Well-aligned, collective resourcing and targeted action will be critical to drive the scale of recovery that we require to halt, and then reverse, the scale of biodiversity loss (more than 70% of species and habitat lost in last 50 years) and to ensure we avoid catastrophic climate breakdown by pulling back our carbon emissions to keep global warming under the two degrees threshold. We have an enormous role to apply to pressure on our governments to make brave, bold choices followed by action.
We as Singita, along with our conservation partners, are committed to showcasing an ecotourism model that is Nature Positive & Carbon Neutral by 2030. This includes our role in contributing to the 4 key Global Goals for Nature commitment:
- Halt and reverse biodiversity loss
- Zero further extinction of Species
- Halve our ecological footprint.
- Carbon neutral
This will require collective action, joint resourcing and unique partnerships between Governments, Private sector and civil society. Private Sector/ business and civil society are best placed to respond rapidly to drive the early innovation, and action in this regard.
TWD: Even with the fact that global warming is inevitable and all we can do is slow
down the process, what gives you hope to continue your line of work if eventually, none of it
will really ‘matter’ in the long run?
Inge: I certainly acknowledge an enormous sense of urgency when faced with the sheer scale and pace of action required at a global scale. What we do or don’t do in this next ten years will define our future and that of my children. Yet at the same time, I have a sense of optimism and hope.

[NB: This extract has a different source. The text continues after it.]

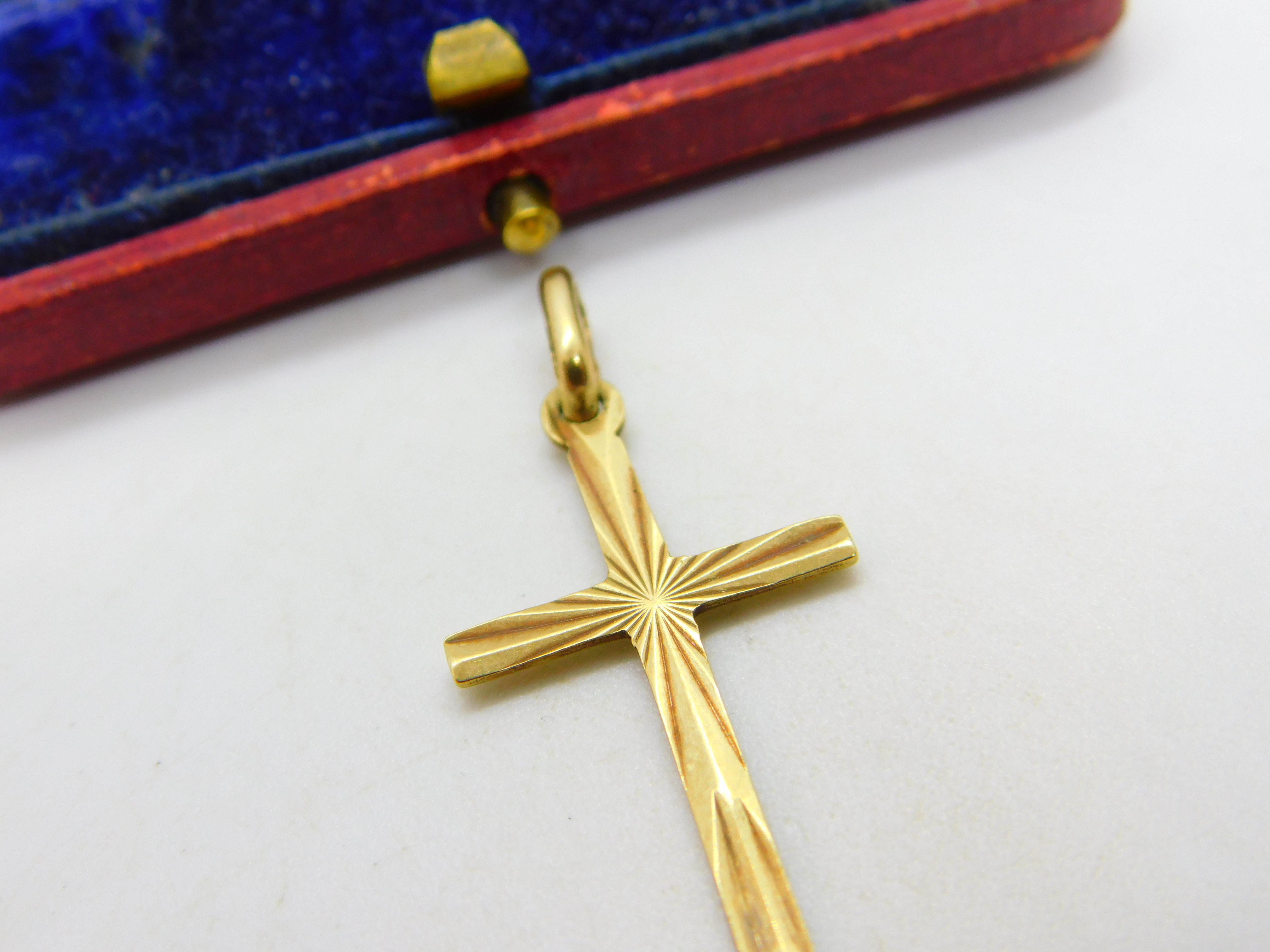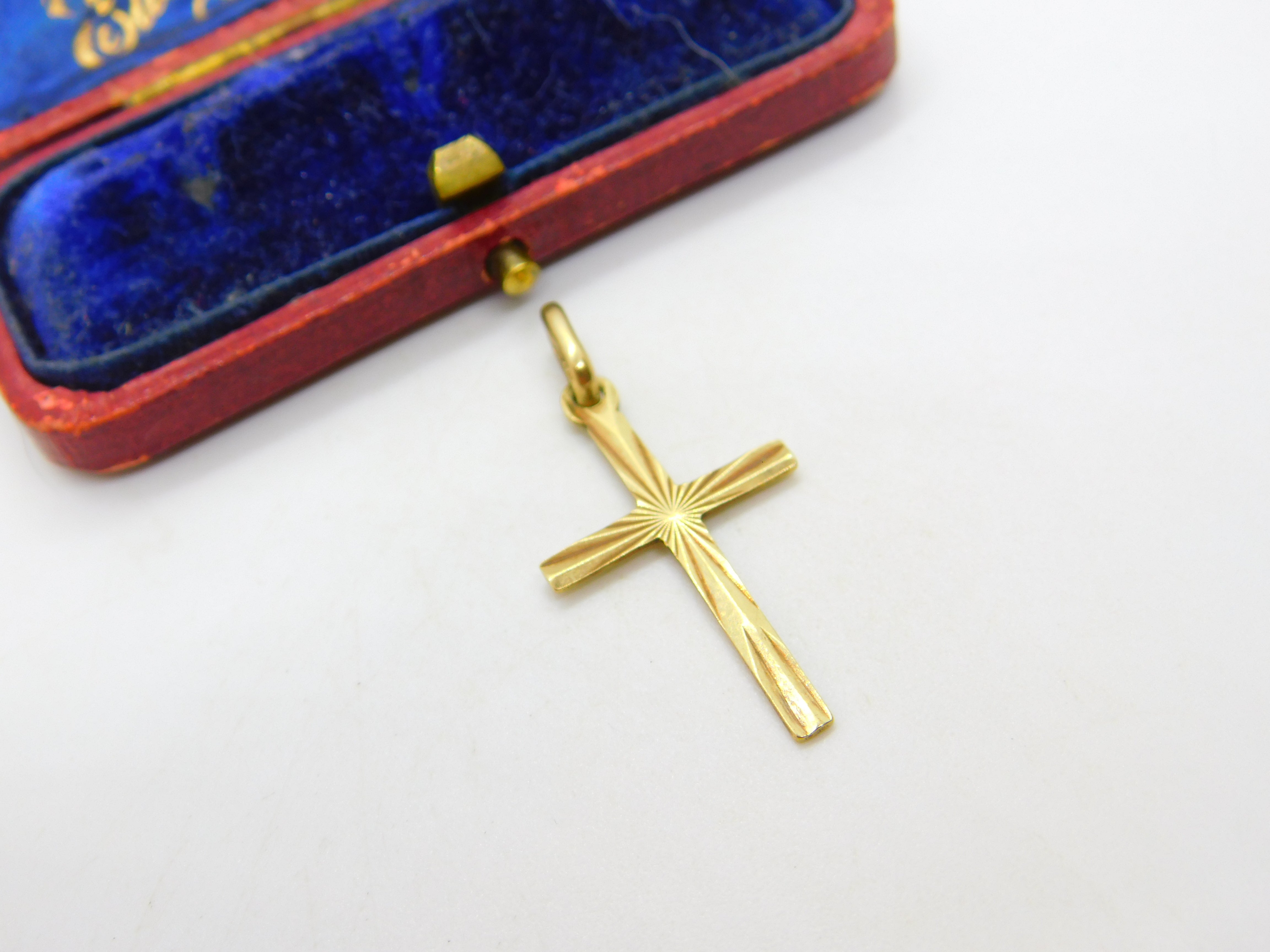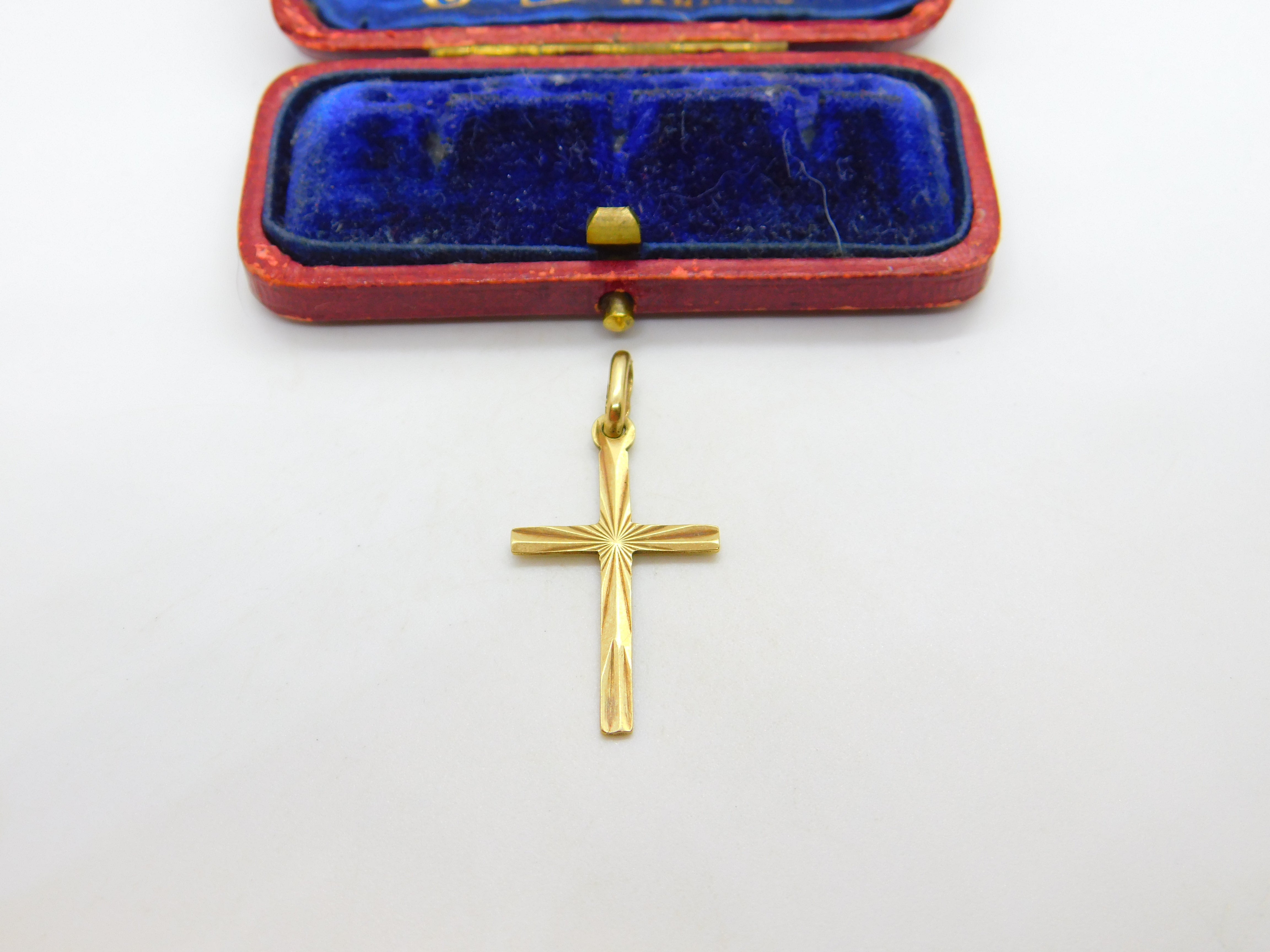 9ct Yellow Gold Rising Sun Pattern Cross Pendant Vintage c1970

Once you have experienced these iconic destinations (such as the Serengeti – home to Great Wildebeest Migration or witnessed Mountain Gorillas in Volcanoes National Park or spent time with elusive leopards or majestic lions of Africa – it brings home the many remarkable achievements of our conservation partners that have been made in very short environmental timeframes. We have extraordinary examples of widescale restoration – such as the previously degraded corridor of the Western Serengeti ecosystem (Tanzania), now home once again to a flourishing natural ecosystem with bountiful plains games in just 15 years (from a few hundred to thousands of buffalo, elephant, general plains game).
The re-introduction of critically endangered eastern Black Rhino in northern Tanzania, the steady recovery of the Mountain Gorilla in Rwanda’s Volcanoes National Park (from just over 350 to more than 1,000 in just ten years). In Zimbabwe, the critical source population of rhino is now positioned to restock key reserves in the surrounding region. These examples show how recovery and restoration is possible and give me hope, that with the right group of partners, the use of technology, connectedness and resourcefulness, we can make an enormous difference.
These models of public-private sector partnerships and co-management demonstrates how nature- based solutions must be part of our post pandemic, global economic recovery. Singita will continue to work to increase our influence, to have even greater impact across Africa’s unique wilderness hotspots. Every one of us can make a difference via our daily choices – our food choices, reducing our waste, considering our transport options, conserving water, eliminating single-use plastic. These small actions add up to global ground swells of change.